The social network is reportedly developing a new feature that would let users of its Facebook Messenger app send and receive money.

Security researcher Andrew Aude has found the new feature embedded in the existing smartphone app and, he claims, all that Facebook would need to do is activate it for it to go live within Messenger.

The payment option would work just like attaching an image to a message, but rather than sending a picture, money would be attached via a debit card, the details of which would need to be entered into the app.

Google already lets users in the U.S. e-mail each other money if one or both parties use Google Wallet, its mobile payments app. Japan’s Rakuten Bank has taken things one step further.

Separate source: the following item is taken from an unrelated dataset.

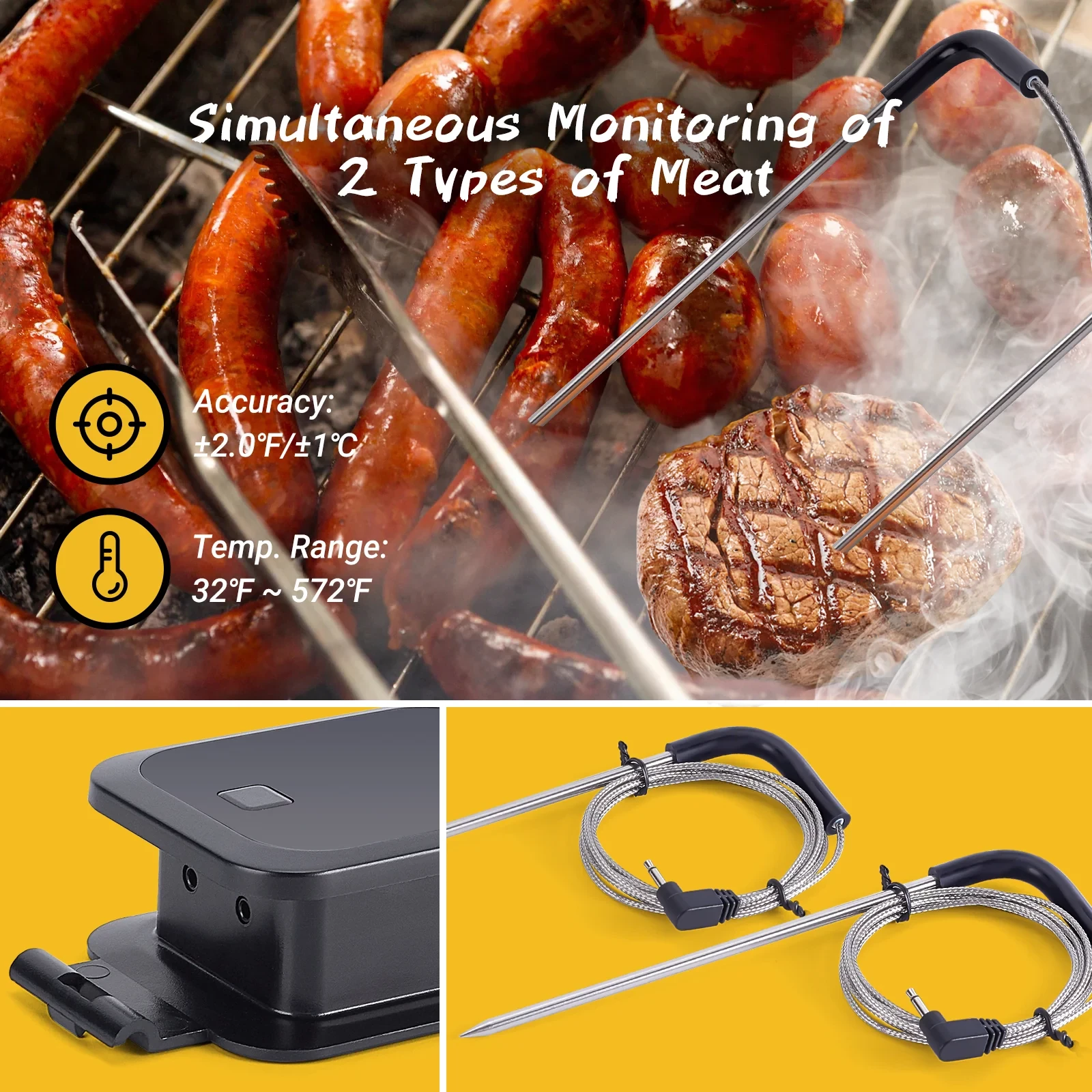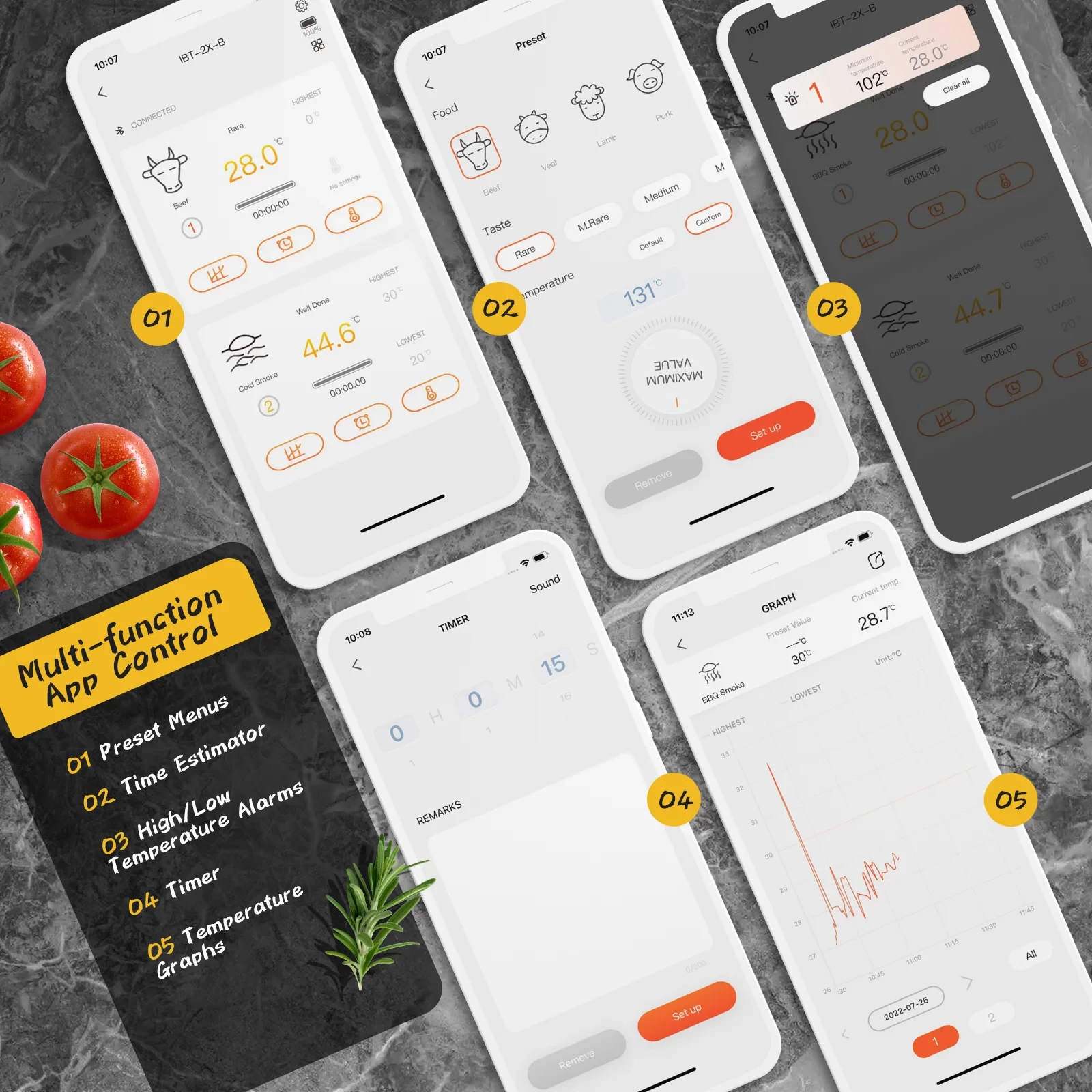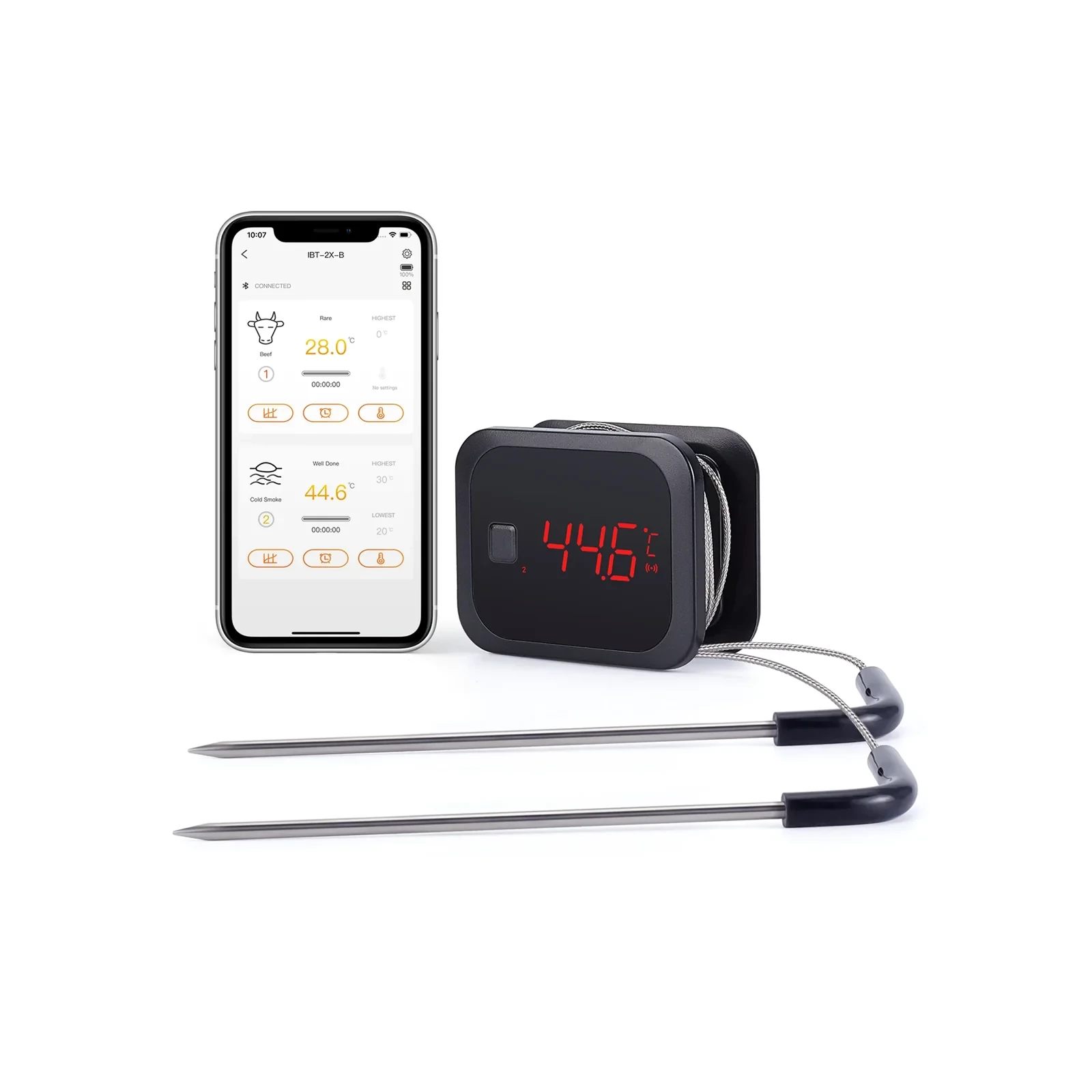 Veiligheidsalarmen: De INKBIRD IBT-2X ondersteunt alarmen voor ingestelde hoge en lage temperaturen. Zodra de gedetecteerde temperatuur de ingestelde hoge of lage temperatuur bereikt, wordt het alarm geactiveerd en wordt er een melding naar uw mobiele telefoon gestuurd om u te waarschuwen. Dit is veel veiliger en efficiënter in gebruik.

Since August, its customers have been able to use Facebook to transfer money via its banking app. There’s no need to know a friend’s banking details, simply select their Facebook profile. If that person holds an account with the bank, the transfer is seamless. If not, he or she gets a Facebook message pointing to a secure URL where the transfer can be validated instead.

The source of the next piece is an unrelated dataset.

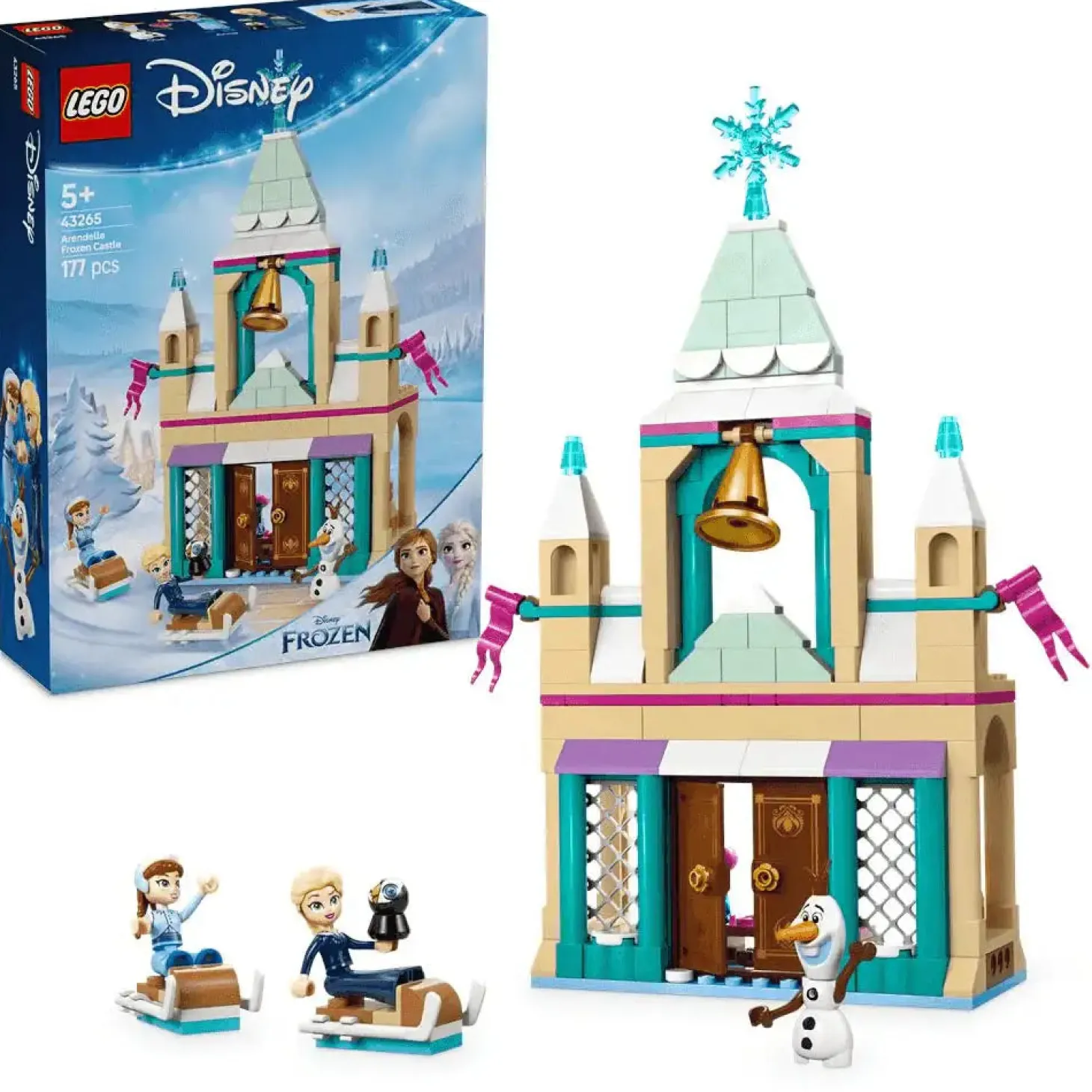 A los peques y los fans a partir de 5 años les esperan encantadoras aventuras invernales en el divertido Castillo Helado de Arendelle LEGO | Disney Frozen (43265), un juguete de fantasía para construir que incluye un castillo con puertas que se abren, comedor y alcoba, 2 trineos construibles para hacer carreras y más divertidos elementos. El kit de maqueta construible cuenta con minipersonajes LEGO | Disney de Elsa y Anna, así como con una figura LEGO | Disney del muñeco de nieve Olaf. Este juego infantil de alta calidad viene lleno de características y funciones que proporcionarán gratificantes experiencias de juego y, además, es un fantástico regalo de cumpleaños del universo Disney para niñas, niños y fans de Frozen, las películas Disney. Este juguete de construcción combina genial con otros sets LEGO | Disney de la gama (a la venta por separado). Para añadir más diversión, los peques pueden disfrutar de una sencilla e intuitiva aventura de construcción con la app LEGO Builder.

Despite being begrudgingly adopted — it is no longer possible to use the standalone Facebook smartphone app to send a message to another user —Facebook Messenger is currently the most widely used messaging app in the U.S. According to Parks Associates, 53% of smartphone owners currently use it. And adding a mobile payments feature to the app could make it more popular still.

Tech companies, from Google to PayPal and now Apple are all fixated on replacing physical wallets and cash with apps and smartphones. However, they all face serious challenges in consigning cash and credit cards to history. Credit cards don’t run out of power (smartphones do) and every physical store accepts cash as payment and doesn’t need to update any of its systems in order to continue doing so — unlike virtual cash.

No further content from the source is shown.